Wings and Wheels 2009
Barnhardt’s fascination with airplanes started with rides in his father’s single-engine plane. “My parents told me that before I was born, I was flying.”
The airport spark started to flame in the early 1990s after he located his classic vehicle restoration business “Innovative Restorations” in a vacant hangar at Hummel Field. He was a car guy working on classic cars while watching airplanes take off and land. “I felt like I was missing something,” he said. “I wanted to do something different.”
Wings and Wheels was hatched when Barnhardt and some friends put their “motor heads” together. Planes, cars and boats are a mixture that complement each other. What “gear head” has not looked up at a plane flying over and wondered how it floats on air, or watched a speeding boat skim the water?

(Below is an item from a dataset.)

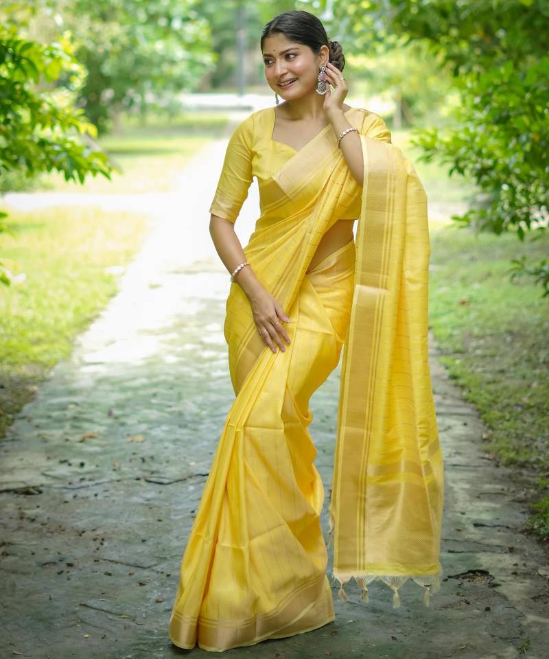 | Product Name | Yellow Banarasi Raw Silk Saree With Zari Lining Weaving, Premium Zari Border, Designer Pallu & Running Blouse | |

Machines that move us around hold an almost intangible attraction. Whirling gears, valves and pistons emit harmonic vibrations that travel deep into the psyche of those who are moved by explosions of fuel, which are controlled by the operator.
Add sculpted shiny metal, gleaming paint and rich fabrics and you have art.
In spite of the known dangers, and perhaps because of them, pilots push the envelope. A few years ago, he flew as co-pilot to Oshkosh, Wisconsin, for an aircraft show. They had to weave their tiny plane through and around unknown weather.
Another time, in a heavily-loaded biplane, he barely made it over a fence at the end of an Indiana runway and had to dodge a few trees to “stay clear of obstacles.” You would have thought that the three men in the plane had just won the Super Bowl with the excitement onboard. These experiences only ingrained flying deeper into his psyche, said Barnhardt. “It’s a lot of who I am.”
On September 29 Barnhardt will be back in a golf cart working the show grounds next to the runway at Hummel Field, helping out where needed. “I’ve enjoyed being a part of Wings & Wheels & Keels,” he said. “It has drawn so many people into the world I live in.”
The show changed its name a few years ago from “Wings & Wheels” to “Wings, Wheels & Keels” to include classic and antique boats. During past shows, when he’s heard visitors talk about vehicles in excited ways, their faces light up like it’s date night. “That’s my reward, it’s huge. I never imagined in the beginning how this would turn out.”
His biggest reward is knowing that the Wings, Wheels and Keels will entertain them for a few hours and, just maybe, make some more good memories.
This year Wings, Wheels & Keels will have more than 150 antique and classic cars, numerous aircraft, and a dozen or more boats, including “Cocktail Class” wooden racing boats.
Antique airplanes with a premiere showing of select seaplanes, and a helicopter are among the antique, ultra-lite and experimental aircraft to be displayed.
It will again feature the acclaimed “Radio Active Air Shows” that includes “the flying lawn mower.” The radio-controlled aircraft will amaze onlookers with their stunt flying.
A “Save the Chesapeake” theme will feature displays by the Virginia Institute of Marine Science (VIMS), the Chesapeake Bay Foundation, Friends of the Chesapeake, and soil and water conservation groups.
There will be a children’s carnival, a hot air balloon display, an antique firetruck parade, arts and crafts, and Chesapeake Bay style foods.
In addition, the Virginia Department of Treasury unclaimed division will be on hand, along with the Virginia Department of Aviation.